Study on aerodynamic characteristics of deforming bat-like wing in forward flight

doi:10.7523/j.ucas.2023.051

Abstract

Abstract: A simplified geometric model of a bat wing was utilized to study its morphology and deformation, along with its aerodynamic characteristics, using computational fluid dynamics methods. The wing consists of two parts: an inner parallelogram wing and an outer wing that is triangular-combined. The wing deformation was categorized into four categories, including changes in wing surface area, outer wing bending, chordwise camber, and wing twisting. Two flight modes were established based on experimental data, accounting for the kinematic parameter of slow and fast flight.

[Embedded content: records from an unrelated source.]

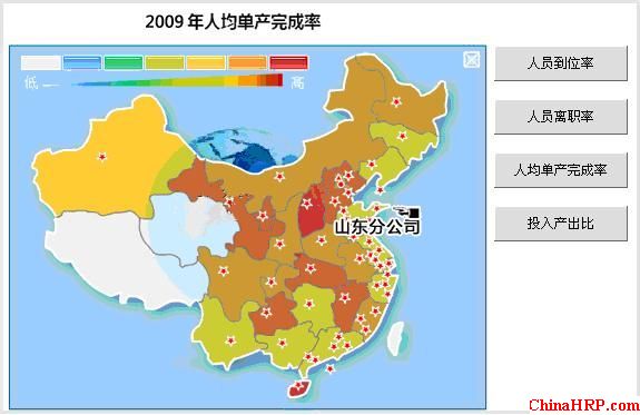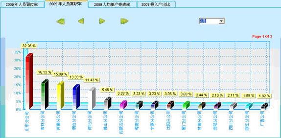 于是,他马上点击“2009年人员离职率”分析,全集团各分支机构的第一季度的离职率情况都可以查询。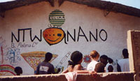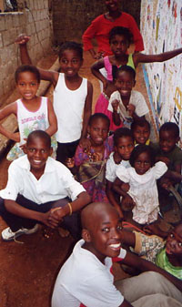 Kinder neben der selbst bemalten Wand des Ntwanano Zentrums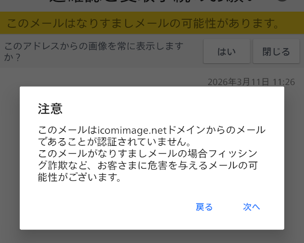 このメールはicomimage.netドメインからのメールであることが認証されていません。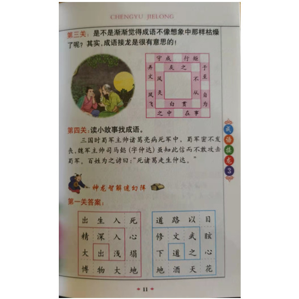 成语接龙是中国传统的文字游戏,有着悠久的历史和广泛的社会基础。为了能让孩子们更轻松地积累成语,我们编写了这套“成语游戏王国”,以娱乐化、游戏化的形式,为孩子们开辟了一条积累成语的捷径。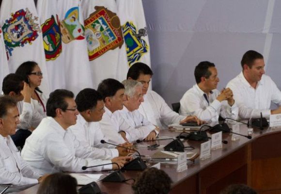 Reunidos en Huatulco los Gobernadores de las 32 entidades, así como los secretarios de Gobernación, Relaciones Exteriores y de la Función Pública, Miguel Osorio Chong, Claudia Ruiz Massieu y Arely Gómez González, respectivamente, sostuvieron una plenaria presidida por el gobernador del Estado de México, Eruviel Ávila y a la cual se sumó más tarde para escuchar sus planteamiento el Presidente de la República.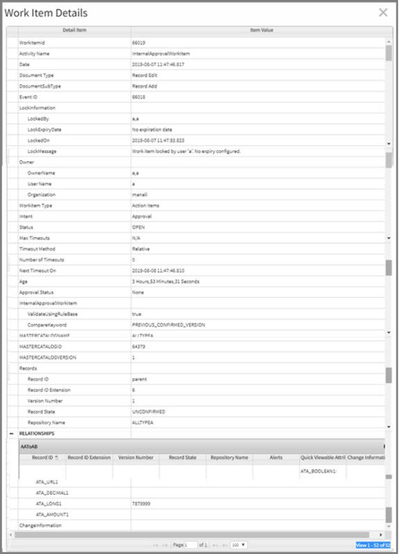 From the simplified inbox page, click the Details link in the last column of the work item list. The Work Item Details page is displayed. The columns on the Work Item Details page can be sorted. If any associated records are present in the work item, those records are also displayed in a tabular form within the Details column.

The results demonstrate that the aerodynamic forces acting on the bat wing model in both slow and fast flight modes are similar in spatial-temporal distribution, with both lift and thrust generated during the downstroke duration. The forces during the upstroke duration are comparatively smaller. Thrust is generated entirely by the outer wing, whereas lift is generated not only by the outer wing but also by the inner wing. Additionally, it was found that the slow flight mode adapts to low-speed flight primarily by adjusting the angle of attack and fine-tuning the flapping frequency for different flight speeds. On the other hand, fast flight relies on frequency adjustment and fine-tuning of the angle of attack to balance the aerodynamic forces at various speeds. The analysis of the aerodynamic forces acting on the deforming bat wing contributes to a more profound comprehension of the mysteries of bat flight.

Key words: flapping, bat-like wing, aerodynamic force

CLC Number:

O355

ZHU Bowen, YU Yongliang. Study on aerodynamic characteristics of deforming bat-like wing in forward flight[J]. Journal of University of Chinese Academy of Sciences, DOI: 10.7523/j.ucas.2023.051.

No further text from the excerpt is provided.